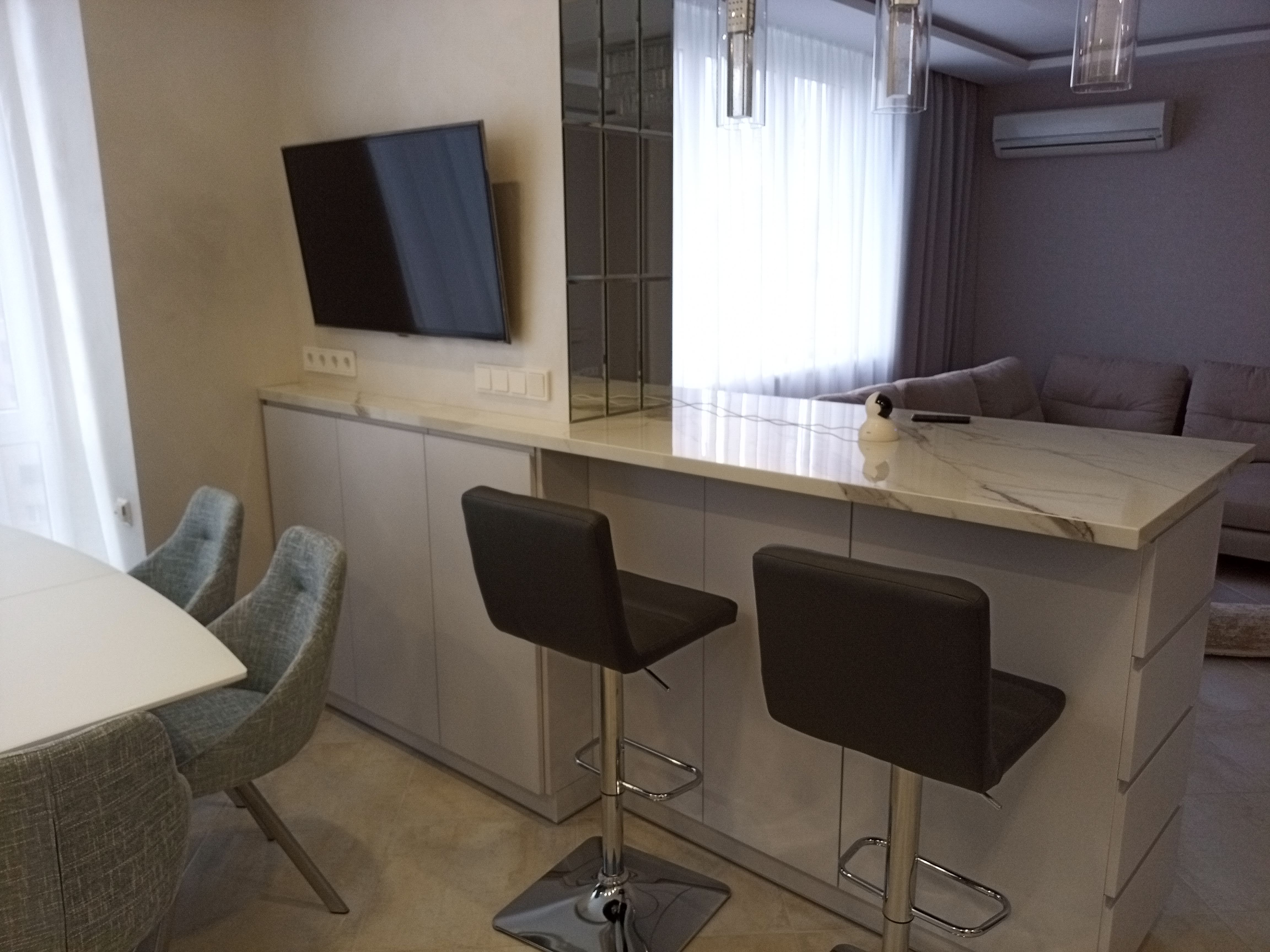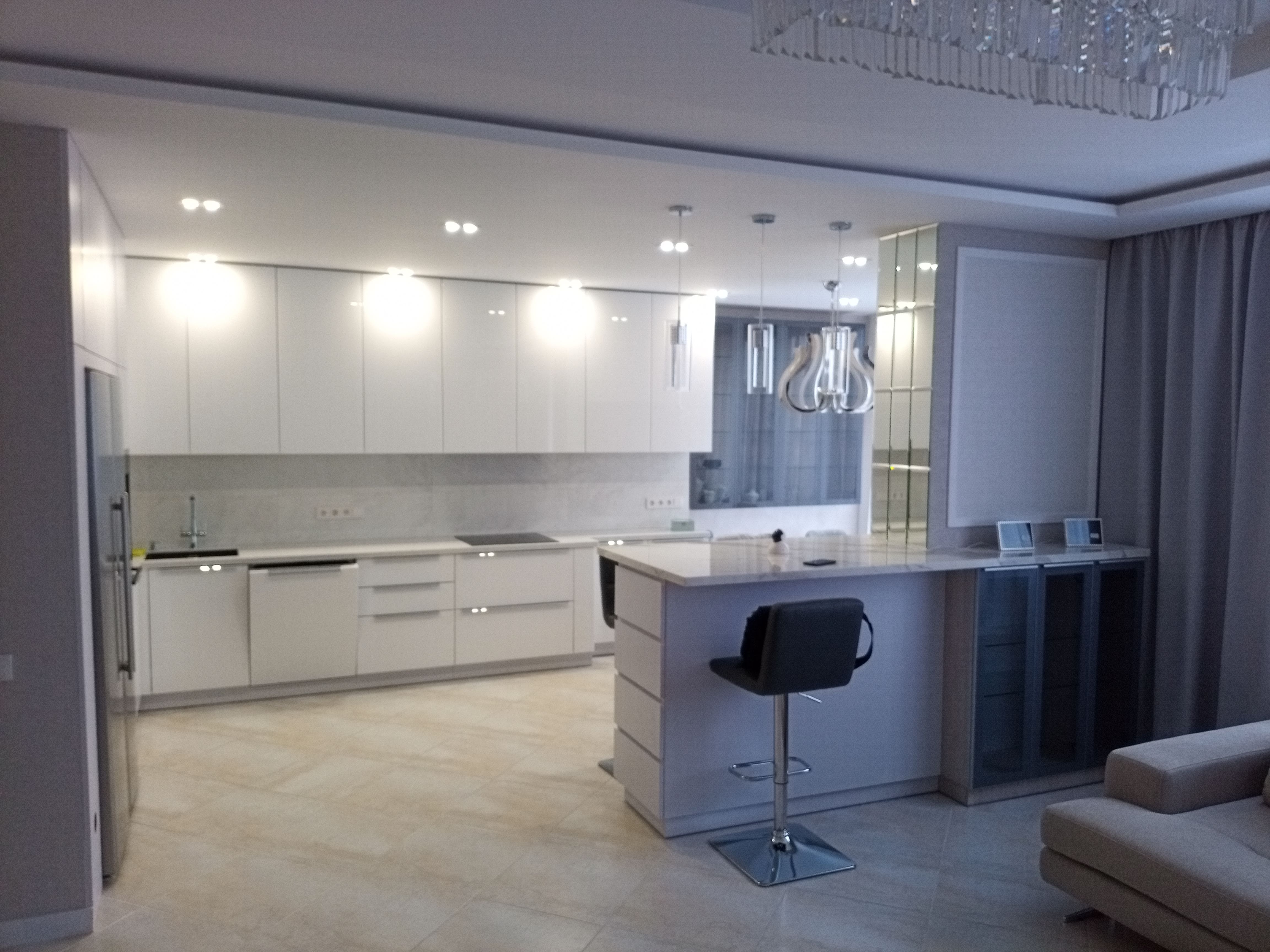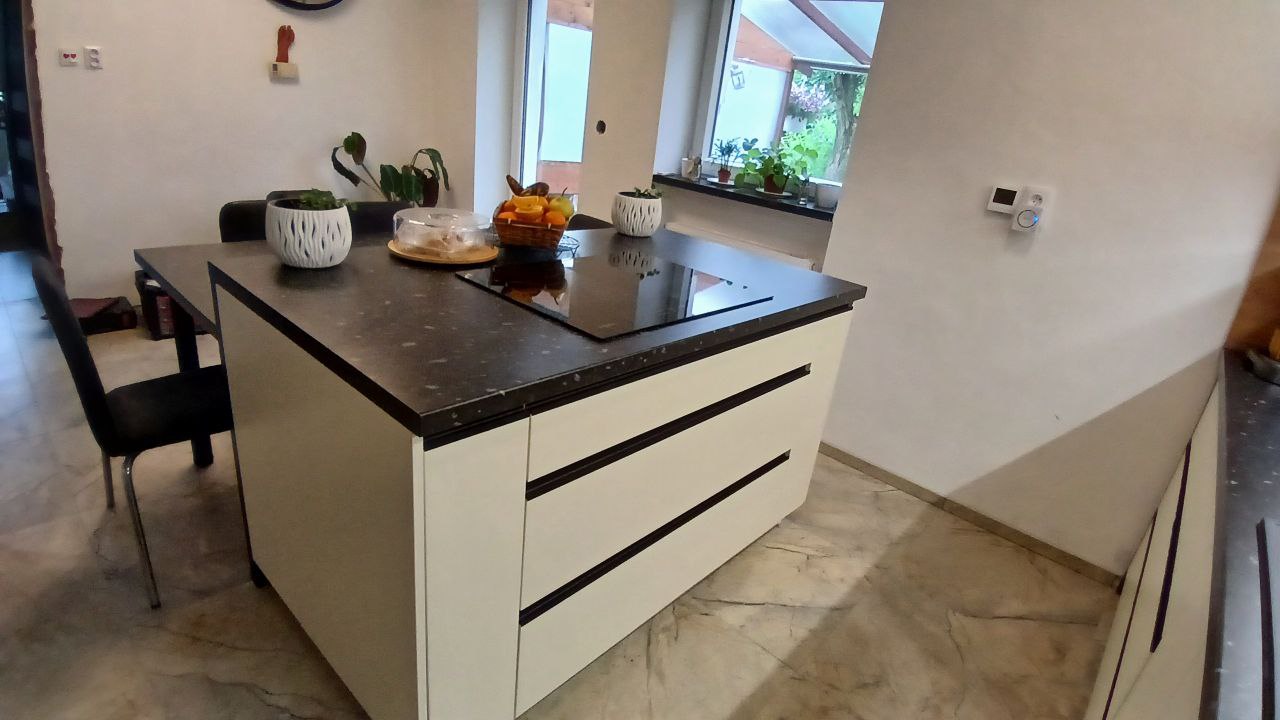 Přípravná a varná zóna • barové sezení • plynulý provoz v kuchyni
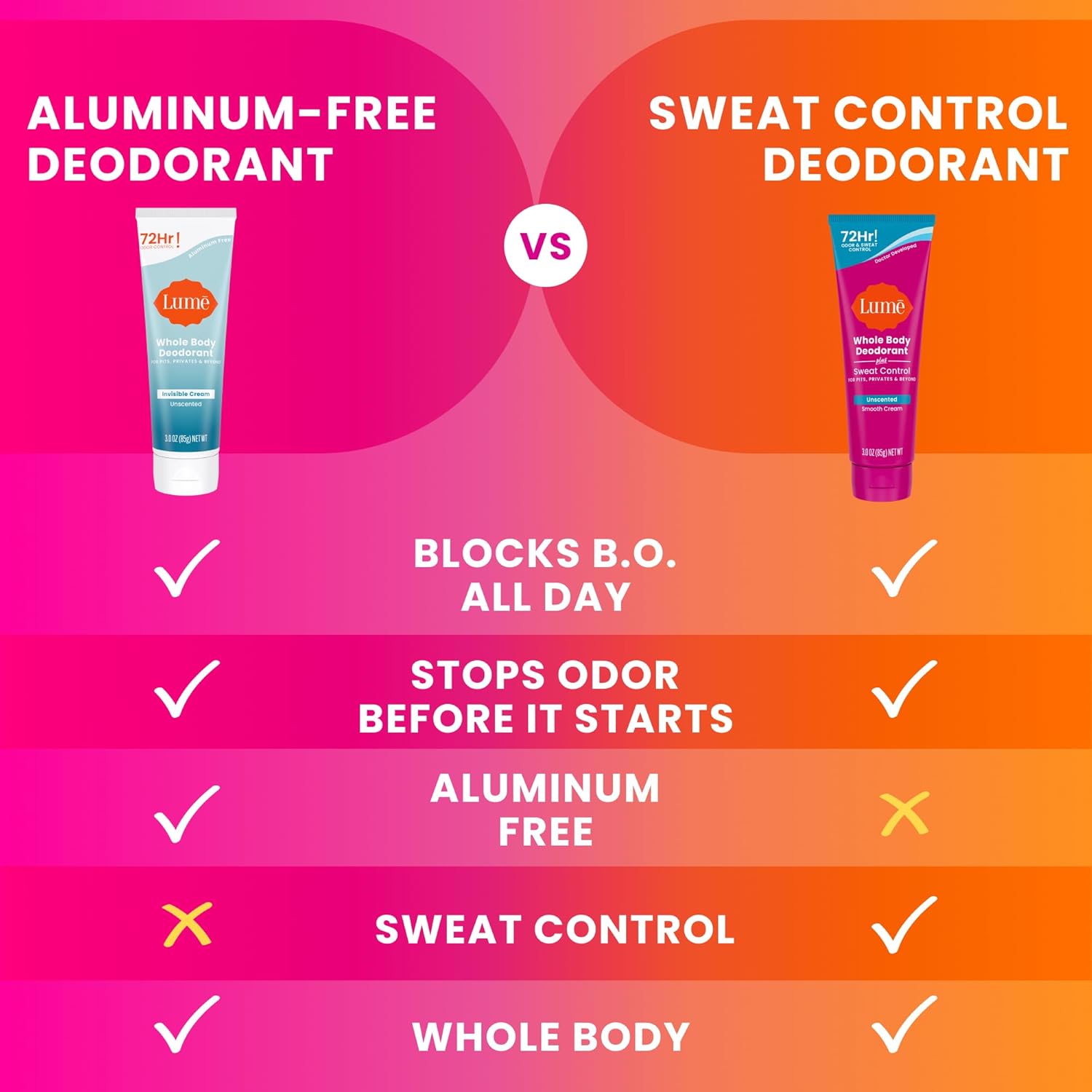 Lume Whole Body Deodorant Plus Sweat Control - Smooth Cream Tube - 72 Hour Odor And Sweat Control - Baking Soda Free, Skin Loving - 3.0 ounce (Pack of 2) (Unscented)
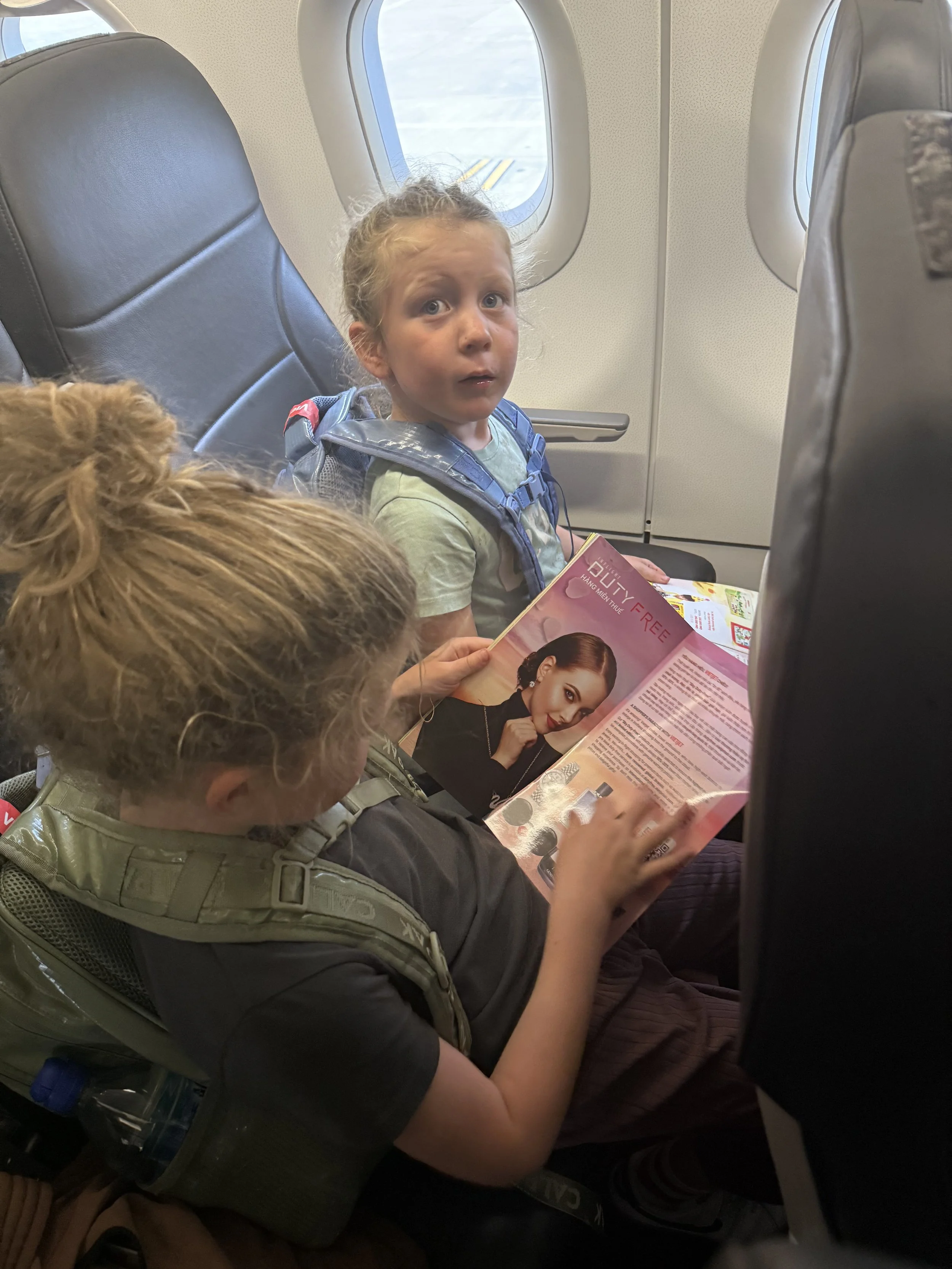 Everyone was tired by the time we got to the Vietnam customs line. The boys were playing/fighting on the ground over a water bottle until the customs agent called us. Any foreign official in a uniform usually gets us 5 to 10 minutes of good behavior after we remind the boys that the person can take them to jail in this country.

Exercise:
Pictures stay out. Return exactly the lines from the one with "Lume Whole Body" through the last line of the data.

Exercise result:
 Lume Whole Body Deodorant Plus Sweat Control - Smooth Cream Tube - 72 Hour Odor And Sweat Control - Baking Soda Free, Skin Loving - 3.0 ounce (Pack of 2) (Unscented)
 Everyone was tired by the time we got to the Vietnam customs line. The boys were playing/fighting on the ground over a water bottle until the customs agent called us. Any foreign official in a uniform usually gets us 5 to 10 minutes of good behavior after we remind the boys that the person can take them to jail in this country.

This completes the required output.